# empêcher disque interne (HS) de tourner?



## pascalformac (3 Juin 2013)

bonjour

situation
ibookG4
avec boot sur DD *externe* FW
(Disque interne HS)

or le DD interne ( HS)  ...tourne !
Pourquoi? Mystère, en tous cas, même HS et non utilisé il tourne
Au début on a fait avec, pas genant

Sauf que maintenant il fait le vrombrissement fort du disque au moteur _grippé_ (©Pascal 77)

j'arrivais à ruser en inclinant la base
bidiouille qui marche plus

je peux pas l'arrêter en démontant le volume- ejectant
ni utilitaire disque ni  la commande diskutil list terminal ne voyent le disque interne

et pourtant... il tourne
( Galilée avait certainement  un G4 )

bien évidemment à terme faudrait changer le disque
(ou pas, ca ne dépend pas de moi)

mais en attendant j'aimerai qu'il ne tourne point

Des idées?


----------



## VeryBigBro (3 Juin 2013)

Pourquoi ne pas juste l'enlever?


----------



## pascalformac (3 Juin 2013)

VeryBigBro a dit:


> Pourquoi ne pas juste l'enlever?


parce que la question n'est pas là , pour le moment.

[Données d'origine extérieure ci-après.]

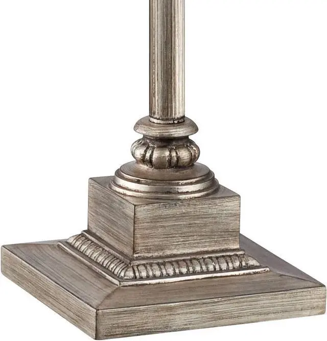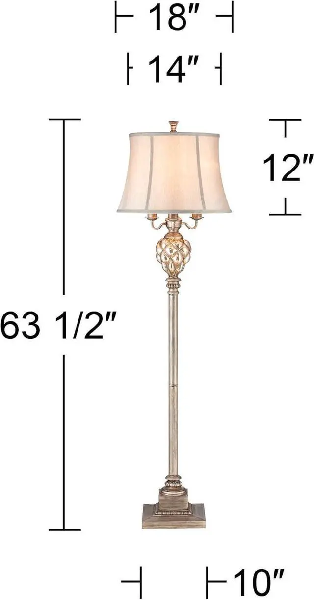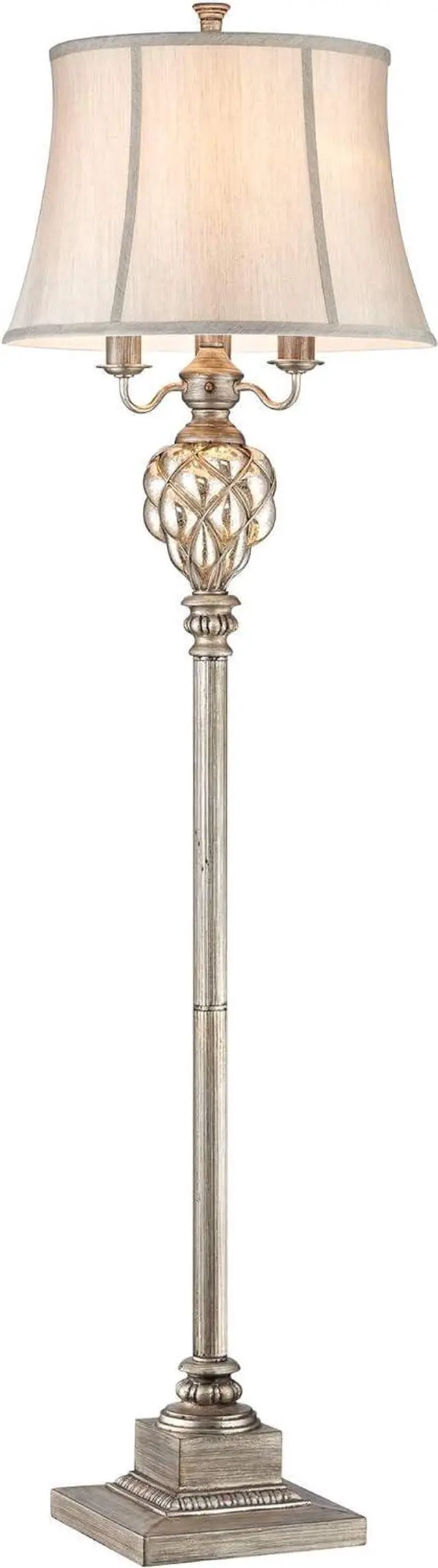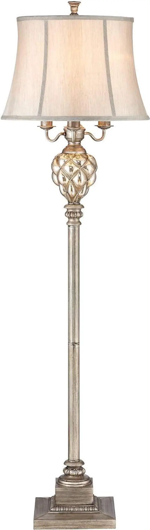 Pre-Assembled ShadesClassic 4-light floor lamp plus built-in LED night light. By the Barnes and Ivy brand. Olde silver finish. Cast resin and metal construction. Mercury glass accent. Faux silk bell shade with ribbing. 8-foot long cord.

Par ailleurs je défie n'importe qui de pouvoir " enlever" un DD interne d'un ibook sans devoir  ouvrir et démonter la machine


--
pour l'instant je voudrais empêcher ce DD de tourner.

il doit y avoir une raison informatique Apple qui fait que ce disque NON UTILISÉ, tourne
(un process quelconque au moment du démarrage, même  en bootant directement sur disque externe )

c'est ca qui est intriguant


----------



## edd72 (3 Juin 2013)

Quand tu dis "NON UTILISÉ", tu veux dire qu'il est démonté (au niveau de l'OS) ou juste que, pour toi, tu ne l'utilises pas?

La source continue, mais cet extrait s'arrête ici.